Exactly the lines from the beginning of the records below through the line with "Tras derrotar a" must be given again, without pictures.

[Entries taken from a collection]
────────────────────

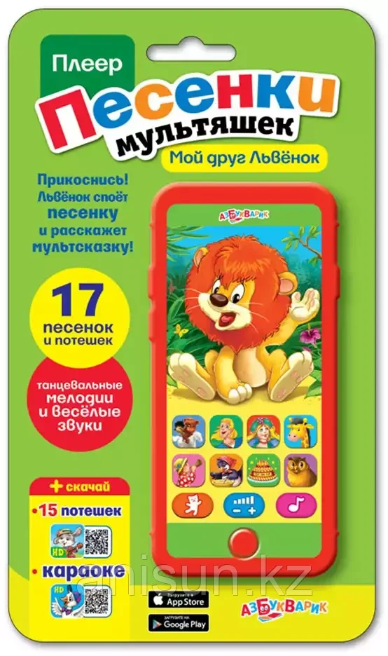 Игрушка музыкальная 4630014080987 Мультиплеер Мой друг Львенок н/к2 425Купить!тг. Маркетплейс: Satu.kz Ani-Sun Trade Доставка: по Казахстану ПожаловатьсяИнтерактивный плеер-смартфончик с любимыми мультяшками! Прикоснись к Львёнку, и он расскажет сказки и споёт песенки. 17 песенок, танцевальные мелодии, забавные звуки и весёлый телефончик – в каждой игрушке.
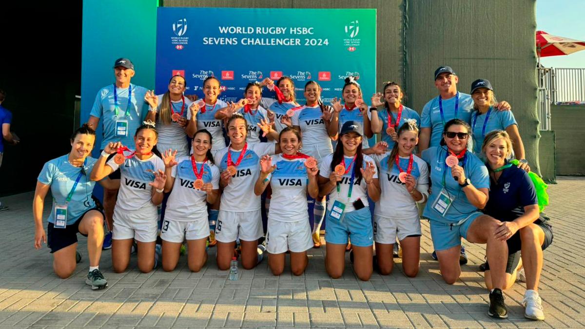 Tras derrotar a Uganda en el partido por el tercer puesto en Dubai, la selección femenina de rugby seven logró su primera medalla en la historia y se subió al podio detrás del campeón China (ganó la final 19-5) y del subcampeón Kenia.
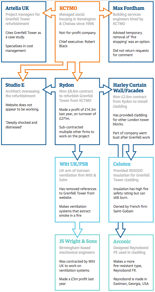 As this diagram from the Guardian illustrates (below), Artelia UK, which specialises in cost management, was contracted by KCTMO to be project managers on the Grenfell Tower refurbishment, which was carried out in 2016. On its website page on residential services, Artelia says that it ‘works closely with our clients to understand what success looks like to them and how we can make that success a reality’; and among its past experiences lists ‘refurbishment projects for local authorities.’ On its page on Health and Safety Management Artelia says it’s management results in a ‘safer, better, more cost-effective project.’ And on its page on Design and Construction Management Artelia says ‘we take full responsibility for architects, engineers, contractors and suppliers in a seamless process that drives out inefficiencies.’ Again, it cites its experience in working on programmes ‘where continuous reduction in construction costs is considered a non-negotiable contract deliverable.’ On the page describing its ‘involvement in the Grenfell Tower refurbishment project’ Artelia says that it was appointed as the ‘Employer’s Agent, Construction, Design and Management (CDM) Co-ordinator and Quantity Surveyor.’ Artelia describes the Grenfell Tower fire as a ‘tragic event.’
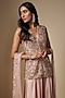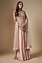 Featuring a rose gold jacket in tulle base with hand embroidery. It is paired with satin organza flared pants and a dupatta. Accentuate it with statement jewellery and heels for a bridesmaid or wedding ceremony.
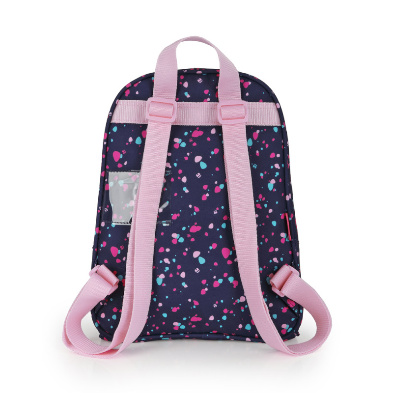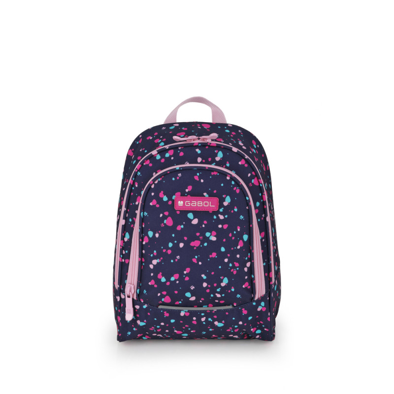 Mochila pequeña Gabol Party. Mochila escolar pequeña. Espalda acolchada para servir de amortiguación con el contenido. Incluye identificador para el nombre. Material resistente al agua. Fabricada con material libre de PVC, con un tejido de alta densidad y mayor calidad. Medidas: 24x30x10 cm
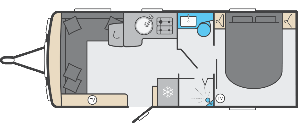 Returning by popular demand, Conqueror is a well-loved favourite among experienced caravanners. Thoughtfully designed with comfort in mind, it offers a refined space that feels just like home – from wider double beds complete with luxurious Duvalay mattresses to the warmth of Alde heating. With a generous kitchen space, clever storage and soft, atmospheric lighting throughout, Conqueror blends practicality with sophistication, creating the perfect setting for relaxing getaways.
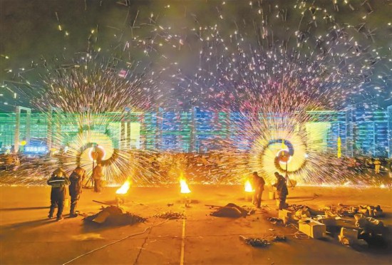 2月1日,在賀蘭縣的寧夏農旅產業園里,精彩的打鐵花表演引來游客圍觀。春節期間,該園區組織了一系列豐富多彩的文旅活動,吸引眾多市民和周邊游客前來游玩。記者 李濤 攝
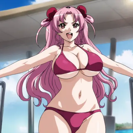 • 比基尼触发词:MiyuriBra, 1girl, 大乳房,泳装,粉色比基尼,粉色头发,发髻,肚脐,双发髻,乳沟,粉色眼睛,下乳,分刘海,锁骨,牛仔镜头
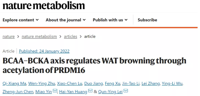 2022年1月24日,復旦大學雷群英、黃海艷和尹淼聯合在Nature Metabolism雜志發(fā)表了題為BCAA–BCKA axis regulates WAT browning through acetylation of PRDM16 研究文章,作者發(fā)現BCAT2(白色脂肪中代謝BCAA的關鍵酶)全脂肪特異敲除小鼠以及白色脂肪特異敲除小鼠能抵抗高脂誘導的肥胖,深入研究發(fā)現脂肪組織中敲除BCAT2減少了BCAA來源的Ac-CoA,造成Prdm16乙?;较陆?,從而增強轉錄因子Prdm16和Pparγ相互作用,促進了白色脂肪棕色化。進一步藥物篩選發(fā)現替米沙坦直接結合BCAT2來抑制BCAA代謝,從而抵抗高脂誘導的小鼠肥胖,為臨床藥物治療肥胖提供了思路。
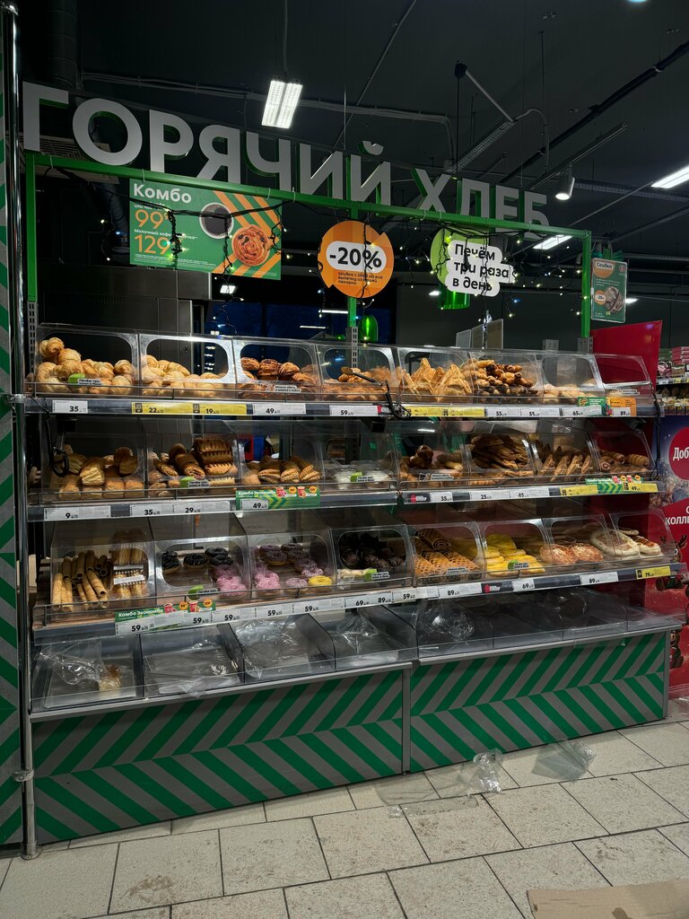 в целом более менее, но первые полторы - две недели, все полки и товары которые вне холодильников в строительной пыли, неприятно вроде чисто, но бегают тараканы в зоне "отдыха" для того чтобы съесть выпечку (фото прикрепила) уже не первый раз за несколько лет, переодично пахнет туалетами, в том году даже в магазин зайти не возможно было вот сидишь ты ешь свою булочку, пахнет "какашками" и рядом ползёт таракан, антуражно! и с новым ремонтом переодично не работает по 2-3 кассы самообслуживания, да, раньше одна была, но сейчас если вы дали возможность - то соответствуйте им есть над чем работать ещё про бабушку уборщицу,можешь сидеть есть и она выгоняет людей мол ей надо прибраться, говорит не ходить по магазину если она там помыла полы, извините, мне до товара как дойти? если проигнорировать, то начинает бухтеть
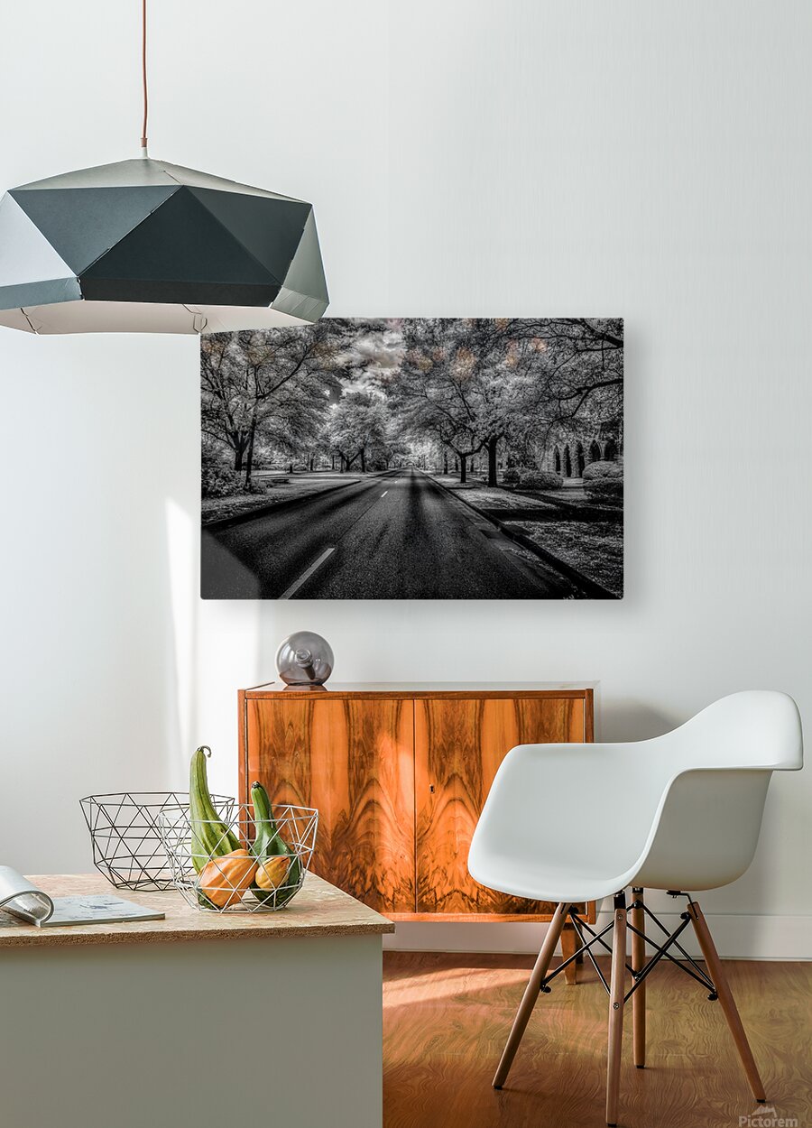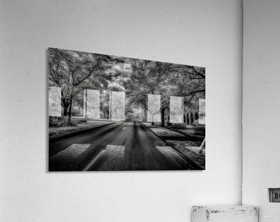 During our meandering drive through the charming streets of Eufaula Alabama my wife and I stumbled upon a visual marvel that begged to be captured. The historic town steeped in Southern elegance unfolded before us like pages from a bygone era. The main drive embraced by majestic oak trees beckoned us to immerse ourselves in its timeless charm. Stopping to savor the moment I set out to encapsulate the essence of Eufaula in a single frame. The result was a black and white infrared masterpiece a photograph that transcends the ordinary and unveils the towns soul. Titled Eufaula Elegance: A Monochromatic Journey Through Time the image captures the iconic drive framed by ancient oaks their branches forming a natural arch over the road. The magic of infrared photography lent an ethereal quality to the scene accentuating the crisp details of the architecture and the textured elegance of the overhanging oaks. As the infrared wavelength unfolded its unique narrative the towns history seemed to echo through the branches whispering tales of days long past. The play of light and shadows brought forth a captivating chiaroscuro effect rendering each detail with a poetic grace. The architectural gems along the drive stood as silent witnesses to the passage of time their stories unfolding in the monochromatic tapestry of the photograph. Eufaula Elegance is not merely a picture its a time-traveling experience an invitation to stroll through the corridors of history. It serves as a visual ode to a town where every cobblestone and every oak leaf has a story to tell—a story now preserved in the elegant dance of light and shadows.
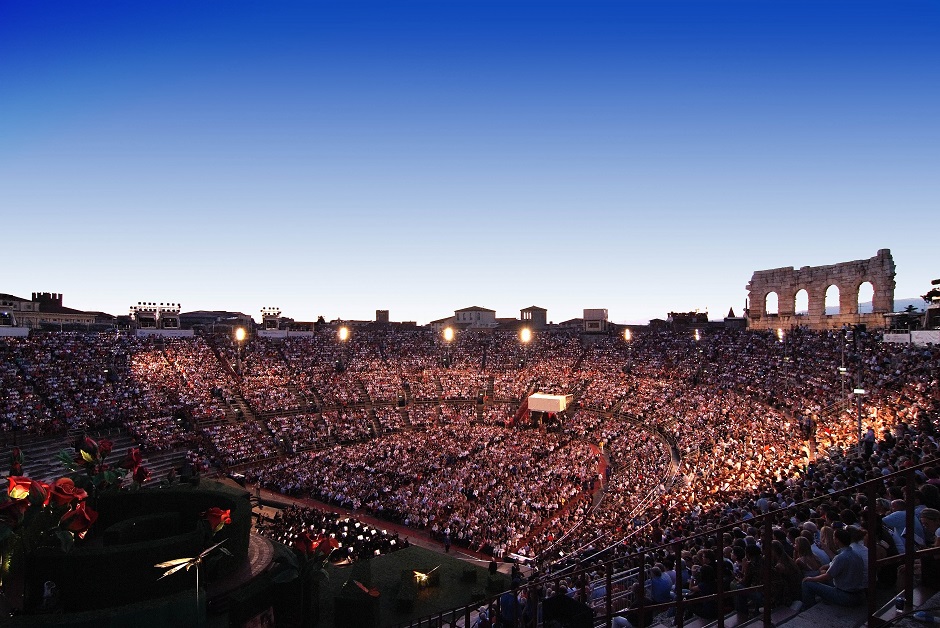 「ロメオとジュリエット」の舞台としても知られる、北イタリアの町ヴェローナ。この町にある古代ローマ時代の遺跡は、建造から推定2,000年を経た今もなお、現役の劇場として夏の間にオペラが上演されます。

────────────────────

| Problem solution |
 Игрушка музыкальная 4630014080987 Мультиплеер Мой друг Львенок н/к2 425Купить!тг. Маркетплейс: Satu.kz Ani-Sun Trade Доставка: по Казахстану ПожаловатьсяИнтерактивный плеер-смартфончик с любимыми мультяшками! Прикоснись к Львёнку, и он расскажет сказки и споёт песенки. 17 песенок, танцевальные мелодии, забавные звуки и весёлый телефончик – в каждой игрушке.
 Tras derrotar a Uganda en el partido por el tercer puesto en Dubai, la selección femenina de rugby seven logró su primera medalla en la historia y se subió al podio detrás del campeón China (ganó la final 19-5) y del subcampeón Kenia.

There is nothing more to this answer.